Professor Raina MacIntyre  

Professor Raina MacIntyre

NHMRC Principal Research Fellow, Head, Biosecurity Program, Kirby Institute

Professor Raina MacIntyre (MBBS Hons 1, FRACP, FAFPHM, M App Epid, PhD) is NHMRC Principal Research Fellow and Professor of Global Biosecurity. She heads the Biosecurity Program at the Kirby Institute, which conducts research in epidemiology, vaccinology, bioterrorism prevention, mathematical modelling, genetic epidemiology, public health and clinical trials in infectious diseases.

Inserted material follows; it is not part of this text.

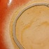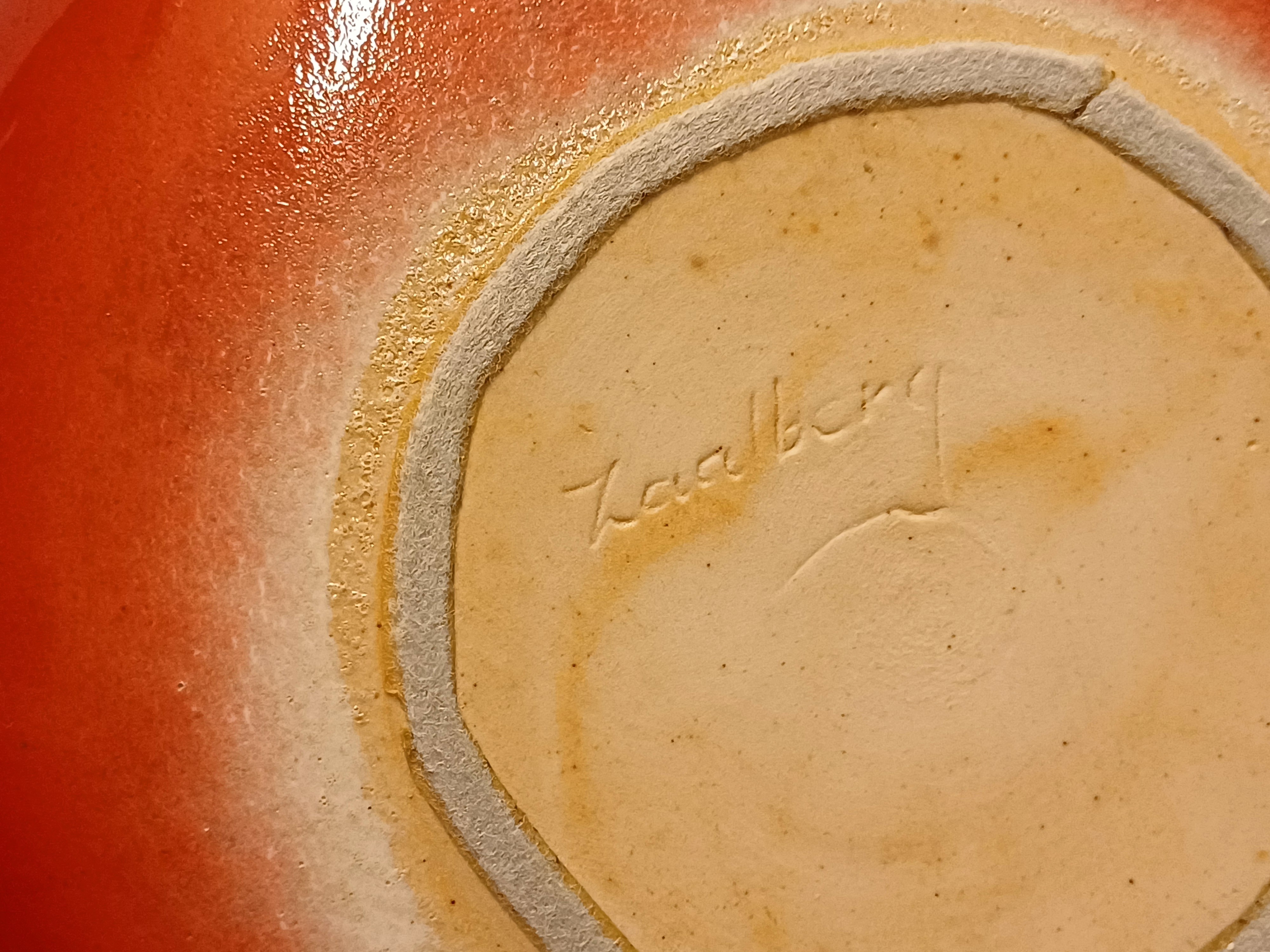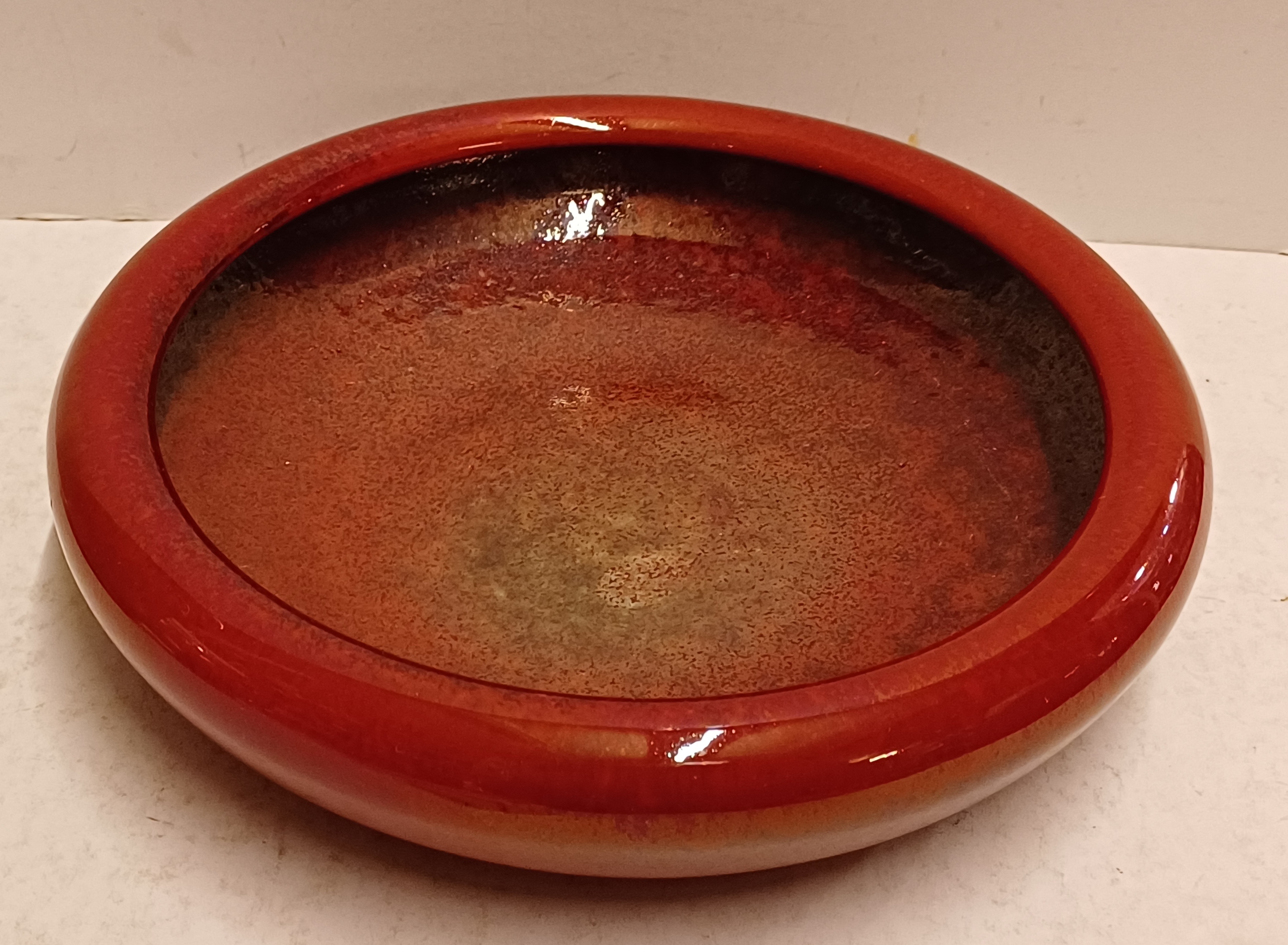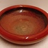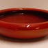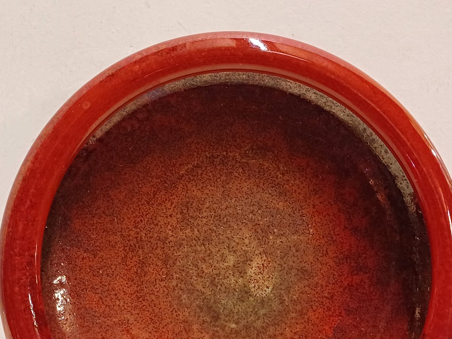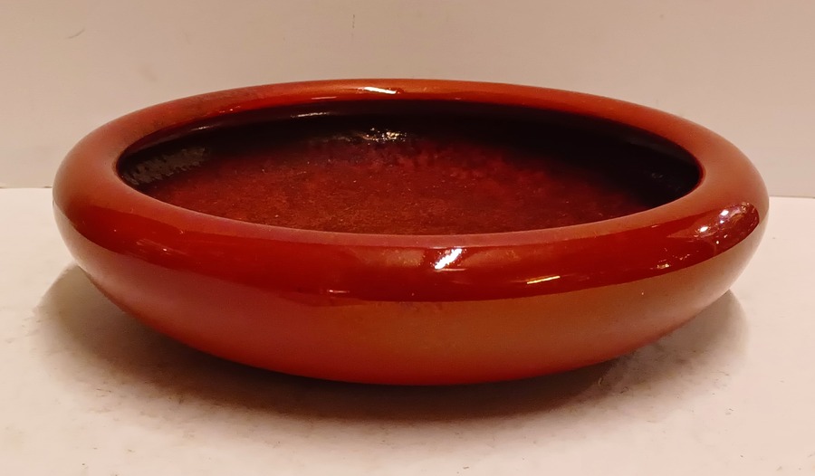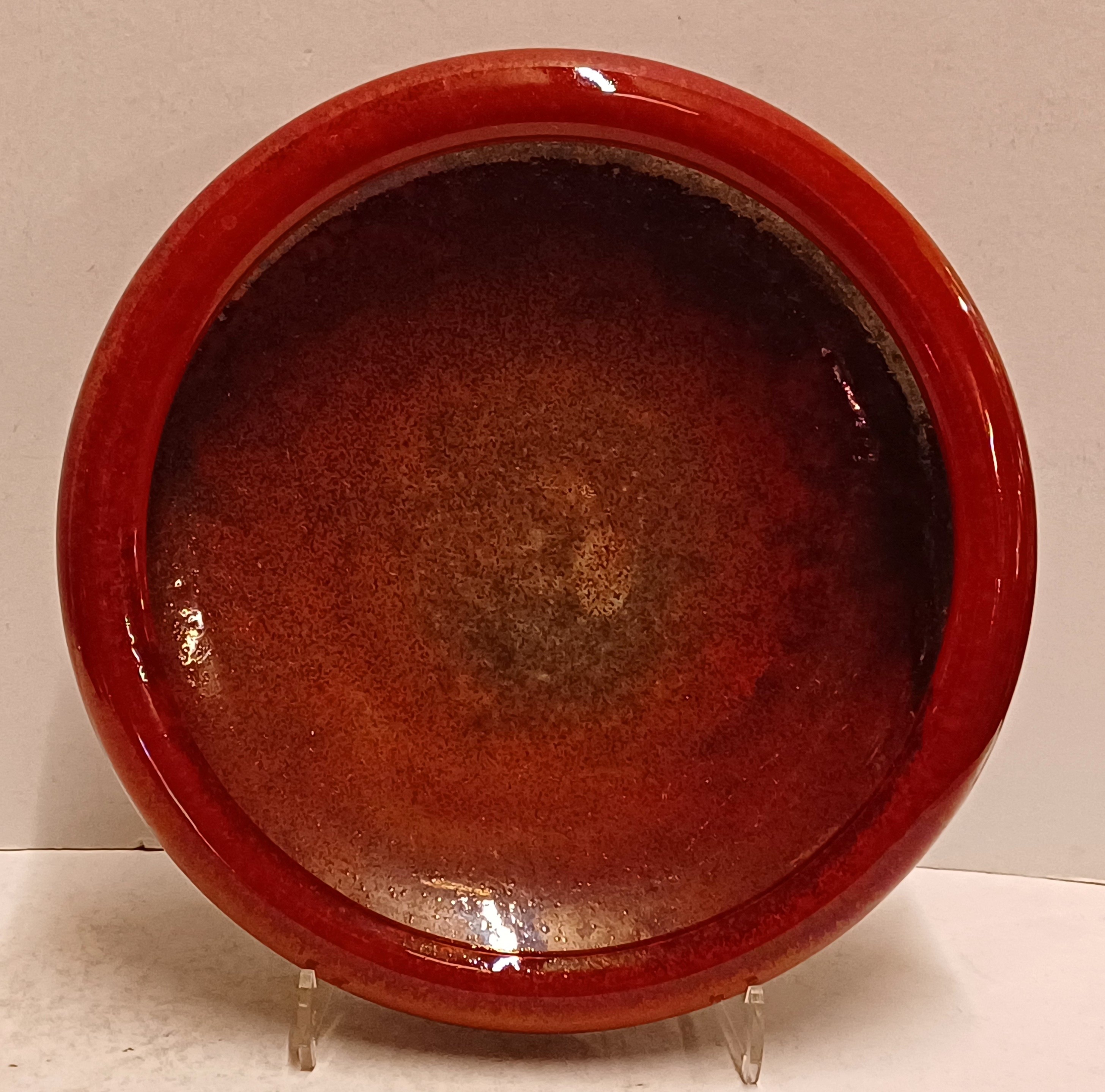 Aardewerken schaal met rode metallic glazuur. Onderzijde met signatuur.

Her research includes personal protective equipment, vaccinology, epidemic response, emerging infectious diseases, and bioterrorism prevention. She is a dual-specialist physician with training in epidemiology and modelling. Her research is underpinned by her medical training, vaccine program experience and extensive field outbreak investigation experience.

Abstract

A novel coronavirus, COVID-19, emerged in early December 2019 in Wuhan, China, and was declared a Public Health Emergency of International Concern by WHO on 30 January 2020 when there were 7,711 cases globally, mostly in China. It has now surpassed SARS in number of cases and deaths, and has some similarities to both SARS and MERS CoV. This talk will cover the evidence of origins, clinical features, epidemiology and public health response to COVID-19, and forecasts of the epidemic trajectory.